少し早い時間帯だがこの路線はは首都圏屈指の混雑路線だ・・・でもそれは上り線の話し。だけど下り線は少ないとはいえ混んでいるな・・・と思った。
僕が編入するのは2年生になった当日、つまり2年生からの編入だ。始業式は4月の月曜日だけどは手続きの関係上僕がむこうで行わなければ行けない物もあったのでちょっとだけ早い出発になってしまった。
今僕が持っているのは身の回りで持ち運べるだけのもの、つまりカメラやノートパソコン、シャーペンやボールペン、携帯電話や音楽プレイヤーなど・・・。
単調な音を聞いているとちょっと眠く・・・なって・・・
仕方なしに僕は携帯音楽プレイヤーで音楽を聴くことにした。
それでも眠くなってきて・・・・・
[毎度ご乗車いただきましてありがとうございました。次は終点、高尾、高尾です。お出口は左側です。高尾からさき大月方面ご利用のお客様は反対側ホームに停車している各駅停車の大月行きをご利用下さい。次は高尾・・・]
車掌さんのアナウンスを聞いて僕は座席をたった。
駅から徒歩数分で聖應女学院女子寮に着く。
過去に数万人の卒業生を輩出してきた学校の寮だけあって、何というか風格を感じる・・・気がするだけかもしれないけれど。
それでも歴史を感じさせる建物だった。旧開智学校に似てるな・・・と思ったけどあれは擬洋風建築だったっけ。
大きな荷物はすでに部屋に運び込まれているらしいので後は僕が整理するだけだと思う。
土日で整理出来ないほどの荷物じゃないし、覚悟を決めなくちゃいけないか・・・。
インターホンを押す
僕はもう覚悟を決めるしかないと深呼吸して
インターフォンを押した
ピンポーン・・・・
あと2年は・・・女の子としての生活か・・・でもやりきるほか無いんだよな、もしボロを出したら・・・油断は禁物。

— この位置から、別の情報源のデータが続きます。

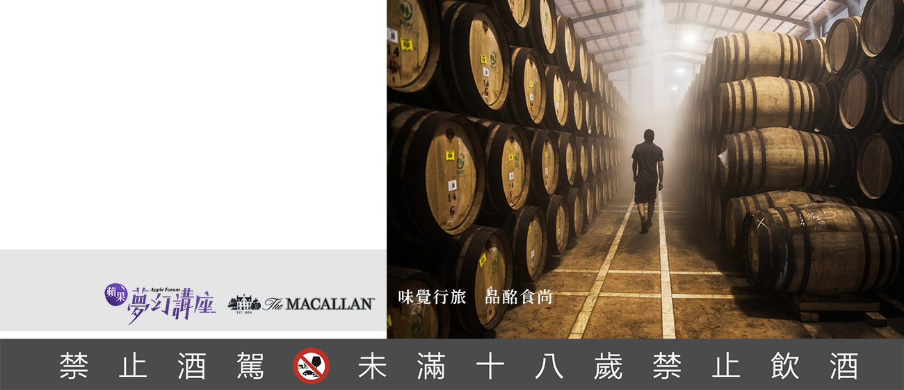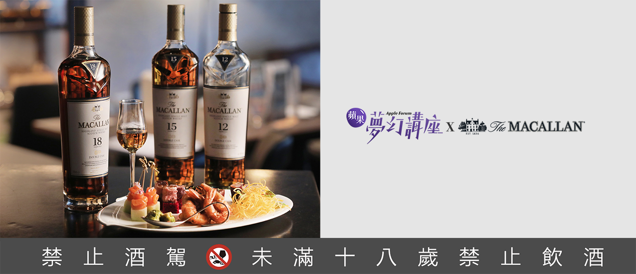 「麥卡倫雙雪莉桶系列」以歐洲紅橡木、美國白橡木兩種雪莉桶和諧勾兌,推出12年、15年與18年酒款;因應雙雪莉桶豐富酒感,《蘋果夢幻講座》邀請雙料達人攜手合作,由威士忌旅遊作家梁岱琦小姐針對酒款風味定調,進行佐餐建議,再由業界知名美食達人梁幼祥老師親自設計精緻餐點,以燻鮭魚、牛、鴨胸、水果等多元、豐富食材,襯映出雙雪莉桶的多層次風味。

そう自分に言い聞かせるけど、頭の中は不安でいっぱいな上にやばい・・・真っ白になってきた。
・・・ガチャ
扉の開く音で我に返った
「はい」
ショートカットの女の子が出てきた
心の中で深呼吸して
「本日からお世話になります。鷺宮 歌織と申します」
出来るだけ優雅に女の子らしく笑顔を作る
~陽向Side~
凄く綺麗な人・・・去年のお姉さまとどっちが綺麗かな
笑った顔もすごくかわいい。
「あの、私の顔に何かついていますか?」
いけない、いけないちょっと見とれちゃった
「いえ、何でもありません。連絡はもらっています。今年度の寮監を勤めることになりました宮藤 陽向です」
私も自己紹介
「鷺宮 香織です。よろしくお願いしますね」
改めて香織さんが挨拶してくれる。名前が香織理お姉さまと一緒なんだ。
「えっと香織さんの部屋は、二階の北側ですね、入寮式は新入生が入寮してきてからなので明日ですし、夕食の時間になったら呼びますので、荷物の整理でもして待っていてください」
~歌織Side~
ギシギシと音のする階段を上がって
2階へ上がる、あまり階段は広くなかったのでカメラの入った専用バッグが何度も壁に擦ってしまった。
北側の部屋、そう瑞穂さんが使用していた部屋だ。
ガチャ・・・・
そこには僕の想像を絶する、ピンクの世界が広がっていた。
心の中の僕はきっと口から血を吐いているに違いない・・・それくらいのことがあっても不思議じゃないくらいのメルヘンの世界が広がっている。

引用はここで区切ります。